8 million words, 4 days, 1 localization company

8 million words, 4 days, 1 localization company

How many words do you think the complete works of Shakespeare contain?

20 million words? 13 million? 7 million?
Would you believe: less than a million words?
What about the Harry Potter books?

Think again.

At 1,084,170 words, all Harry Potter’s adventures amount to a few minor skirmishes with dragons and warlocks when you compare it to the Herculean task that Alpha was set a few months ago.

One of our long-term clients – a high-end German car manufacturer that you’ll probably have heard of – set us the task of translating 8.8 million words from German into American English. A breeze if you’ve got all year, but when the brief stipulates that you’ve only got four days? It’s time to throw out your DE-EN dictionary and go back to the drawing board.


Think fast, translate even faster

So how did we do it? The smart people out there will have already said “machine translation”. And that’s true, but as the song says: “It ain’t what you do, it’s the way that you do it… and that’s what gets results”.

The task was the translation of an eDiscovery project. Basically, this is the process in which electronic data is located, provided and searched in order for it to be used as evidence in legal proceedings.

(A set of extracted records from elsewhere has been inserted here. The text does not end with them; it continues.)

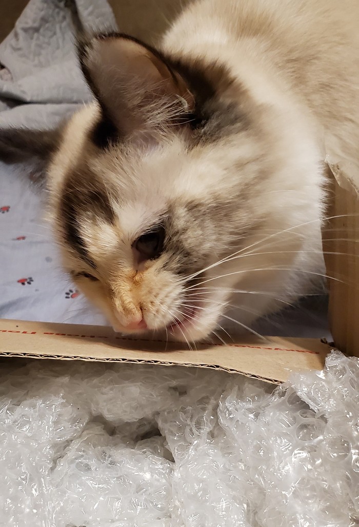 Ну и по традиции кот, который как ни странно не любит коробки. Вот он в новом облюбленном кульке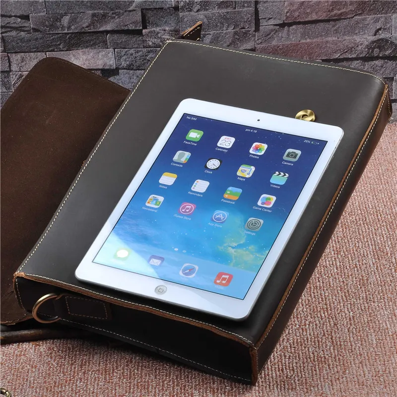 Mens Genuine Leather Cowhide Crazy Horse Leather Handbag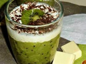 Les ingrédients utilisés pour réaliser la recette sont : kiwis bien mûrs, jus d’orange, sachet de sucre vanillé, lait de coco…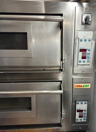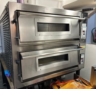 Horno profesional de acero inoxidable con dos cámaras de cocción independientes. Ideal para pizzerías y restaurantes. - Construcción robusta en acero inoxidable. - Dos hornos apilables. - Puertas con ventana de visualización. - Controles digitales de temperatura.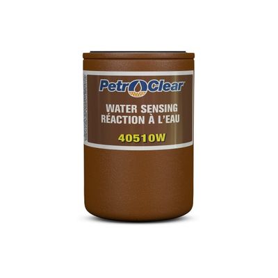 - PetroClear models 40510W and 40530W are particulate and water sensing spin-on filters. These filters are designed to sense water, both free and emulsified, and slow flow as an indicator of the presence of water in neat gasoline and diesel fuels. This filter will not sense nor react to water in Ethanol blended gasoline. (Reaction known as phase separation)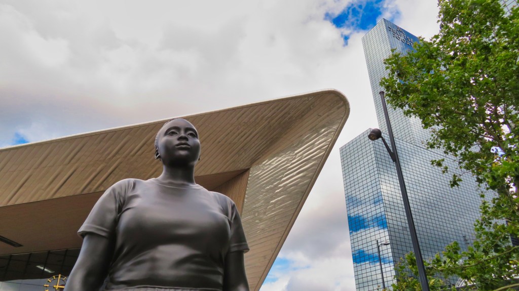 Op de terugweg naar Rotterdam Centraal bewonder ik het nieuwe beeld “Moments Contained” van kunstenaar Thomas J Price. Het beeld, een jonge vrouw van bijna vier meter hoog, zal vijf jaar lang op het Stationsplein te zien zijn.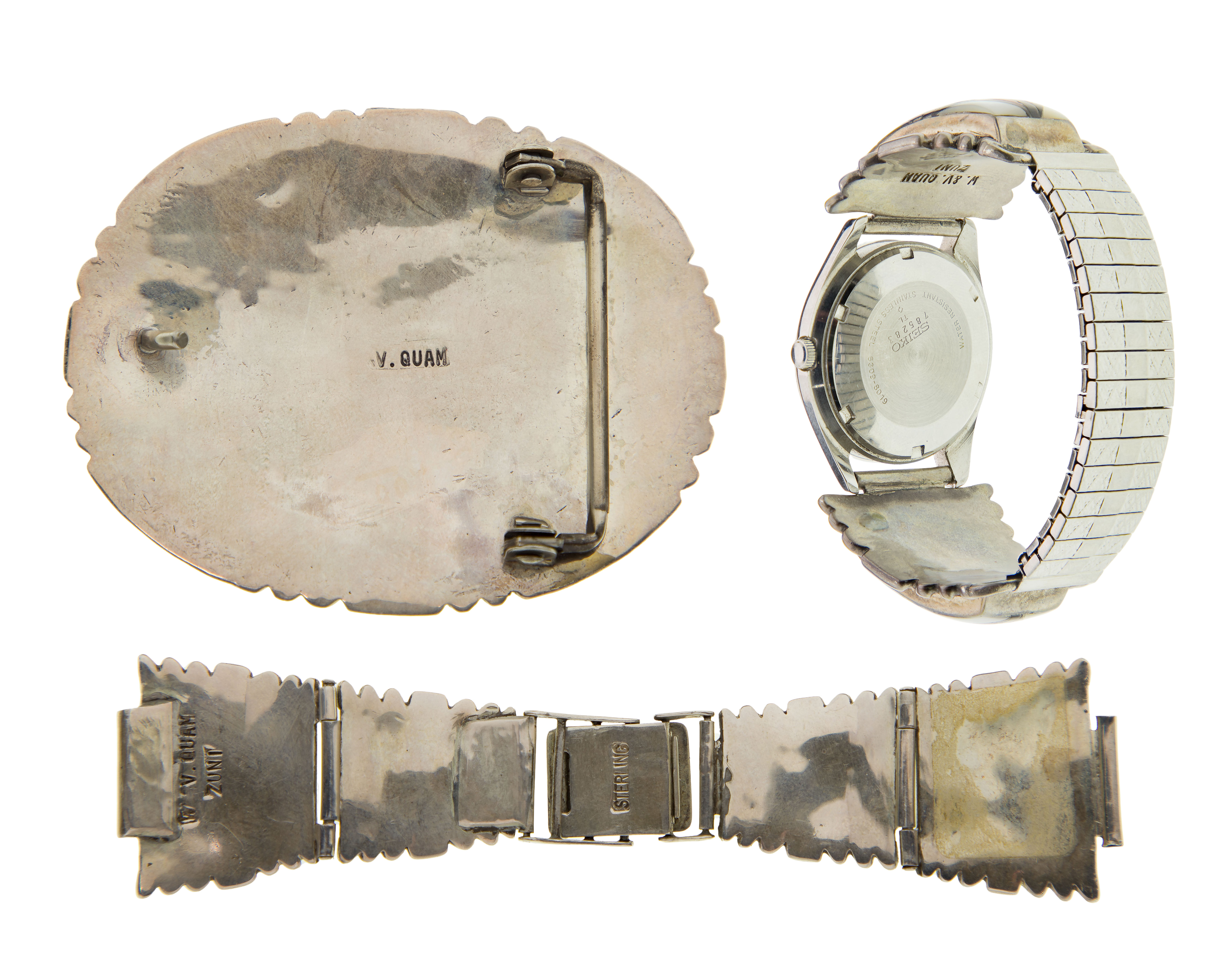 Native American W. & V. Quam Sterling Silver Wristwatch, Watch Band and Belt Buckle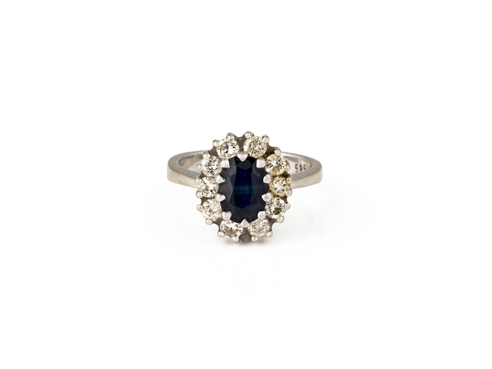 WG 585. Ringmaß: ca. 50,5. Ringkopfmaße: ca. 13,1 mm x 11,. Ges.-Gew.: ca. 4,5 g. Ring, besetzt mit einem zentralen Saphir von ca. 1.00 ct., sowie einem Kranz aus 10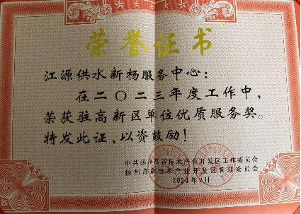 新年新榮譽(yù),邁上新征程,獲得榮譽(yù)既是鼓舞,更是鞭策。接下來,長江水務(wù)江源公司將繼續(xù)牢固樹立以“人民為中心”的服務(wù)宗旨,全力打造群眾辦事更省心的服務(wù)環(huán)境,為當(dāng)?shù)赜脩艉推髽I(yè)創(chuàng)造更加優(yōu)質(zhì)、便捷的營商環(huán)境。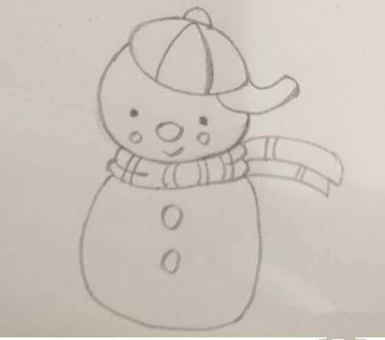 4、画围巾:雪人头部以上画好后,我们再来画它的围巾,一条长长的围绕脖子的漂亮围巾。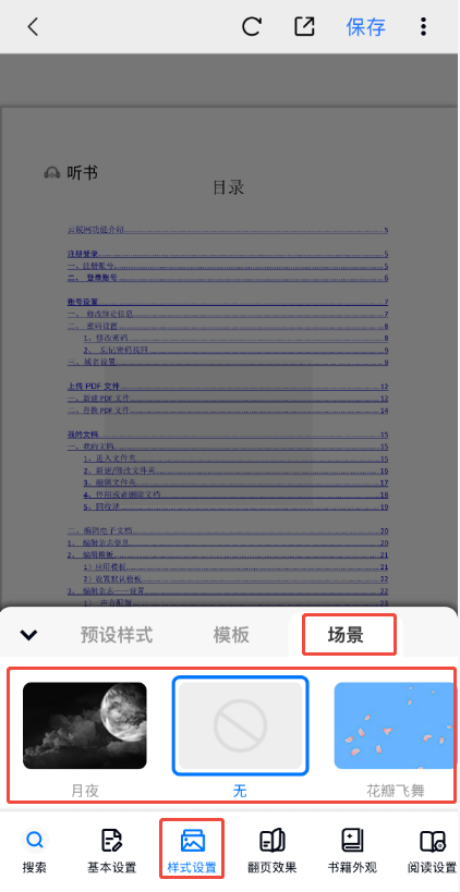 點擊【樣式設(shè)置】,然后點擊【場景】,可以看到云展網(wǎng)提供的動態(tài)背景,根據(jù)自身喜好選擇即可,左滑可以查看更多場景。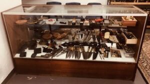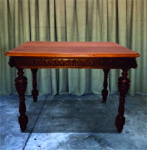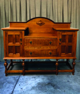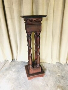 Artist/Content: Antique Carved Oak Armchair Gray Upholstery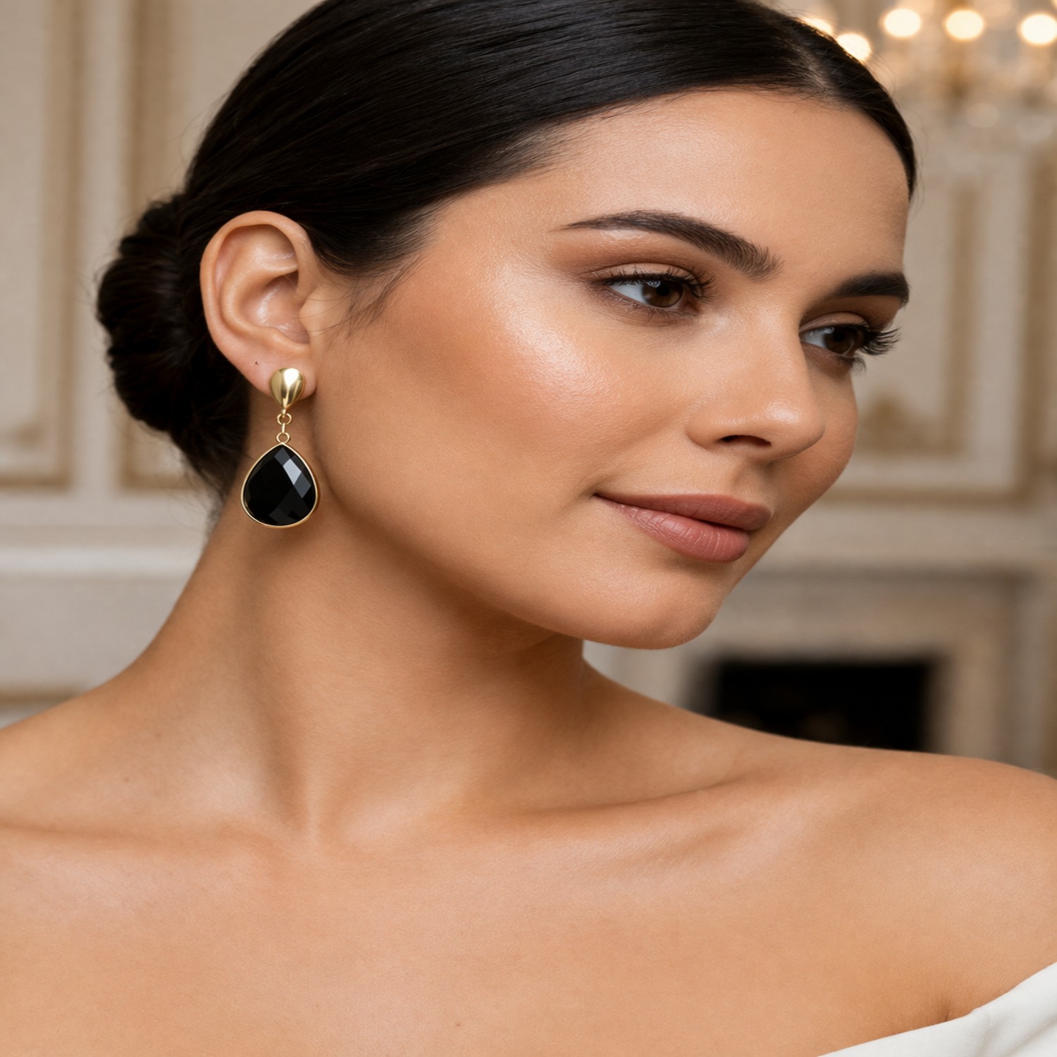 Sua gota de quartzo facetado — disponível nas cores verde esmeralda, rosa suave, fumê clássico e preto profundo — cria um efeito de luz sofisticado, iluminando o rosto com movimento e presença.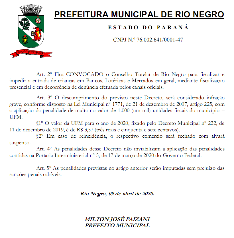 A cidade de Rio Negro-PR publicou nesta quinta-feira (09) um Decreto que limita o número de pessoas em estabelecimentos da cidade. Cabe aos estabelecimentos seguir a recomendação como medida de prevenção ao COVID-19 (coronavÃrus).
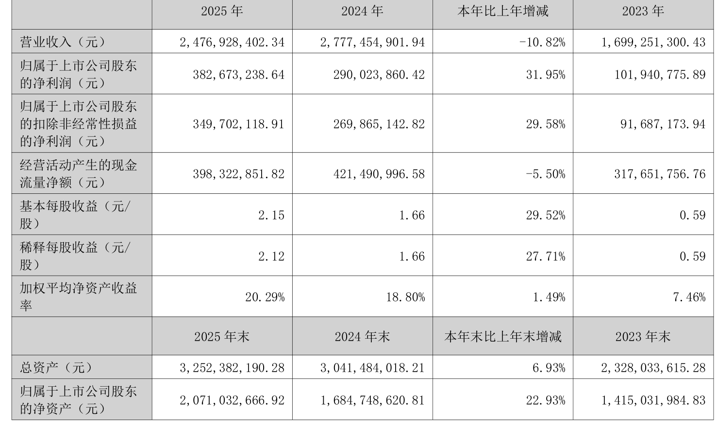 数据显示,2025年公司加权平均净资产收益率为20.29%,较上年同期上升1.49个百分点。公司2025年投入资本回报率为17.93%,较上年同期上升2.54个百分点。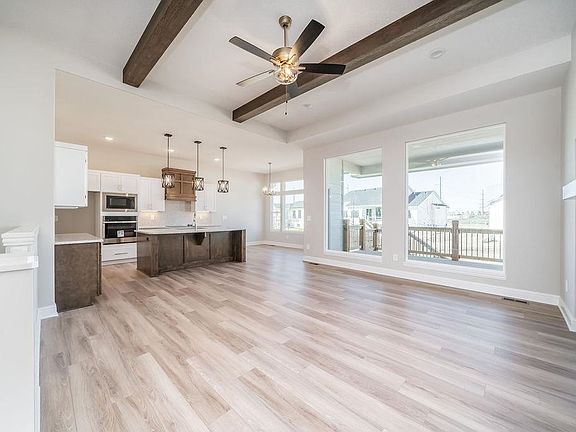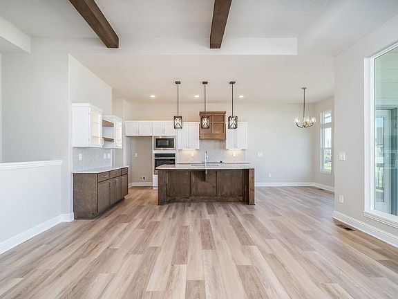 Absolutely gorgeous new design by Moeder Construction. Offering 1556 square feet on the main floor, we welcome the Hanna II plan to the Coves. When entering the home there is a beautiful custom bench and coat closet for guests. Moving into the living room enjoy the large custom built-ins with cabinets along the electric fireplace wall. Such a functional creative design and layout, that feels warm and cozy The fireplace is custom with a large mantle and cohesive with the rest of the room. Large windows flow the natural light through the space of open concept. Large beams running through the ceiling completely adds to the design of the space. In the kitchen, enjoy a large island for entertaining and perfect for prepping food. Enjoy a large coffee/ wine bar that's perfect for buffet style serving guests, or just a quaint floating shelf wall for decorative items to display with lower cabinets. There is so much kitchen storage, not to mention a walk-in pantry and custom made range top hood. The laundry offers a custom bench and folding table . Don't forget the spa like master suite with gorgeous vaulted ceilings for a grand appearance. There is double vanities in the master bathroom, floor to ceiling tile in the shower with a bench. Entertain on an oversized covered deck or concrete patio that extends close to the full length of the house. Information is estimated and not guaranteed. The options and pricing are subject to change without notice. There is a mailbox fee paid by the owner at closing.

Nearly nine million words of densely packed corporate, business legalese. For this task you’d not only need a machine translation engine but Harry Potter’s book of spells on top.

Alpha’s solution was not one but three machine translation machine engines, which we tested and tested and tested with a tiny little batch of 13.5K words taken from the 8.8 million.

Following this, we set our linguists (actual people) loose on the tester batch, translating and QA’ing to the nth degree. Then we compared and contrasted. The machine translation engines provided the brawn and our walking talking human translators provided the brains. Together: a dynamite combo.


The electronic Kool-Aid acid test

With this massive amount of data-heavy corporate/legal content what the client wanted was to get a good gist from the translated content.

Naturally, we strive for perfection at Alpha with every word we translate, but this time we wouldn’t have any time for pre-preparation or post-editing by human translators. For this project we were aiming for “a comprehensible and accurate account of the essential meaning of the source text” (as defined by TAUS), together with a little Alpha flourish of ingenuity. In four days.

Once we’d tested our three trial machine translation engines to the limit, had our linguists go through the results with a fine toothed comb, we picked the strongest contender and started to design a workflow. (Remember: four days). This workflow had to be more than agile, it had to be acrobatic.

Working closely, and nimbly, with our client we found a solution to their pre-preparation problem. It was time to dispense with all the file niceties: no tags, no formatting, just pure, unadulterated OpenText documents. These files were provided in batches and, using another piece of wizardry on our part, fed into the machine translation engine over the four days using a project content connector especially designed by one of our super-smart operations people. This clever little gizmo was then synced with a watch folder, and managed by the aforementioned super-smart operations person (day and night, we should mention – talk about going the extra mile!) As soon as new files arrived in the watch folder, they were immediately imported into Alpha’s translation platform, machine-translated and exported to the client.

8.8 million words, four days and one tired operations expert later, the job was signed, sealed and delivered.

We’re happy to say that the project was as smooth and sleek as one of our client’s latest lux car designs. In fact, our client told us: “Thanks very much for the quick turnaround and assistance on the latest sample of machine translations. We thought the quality was excellent” (except that they said it in German).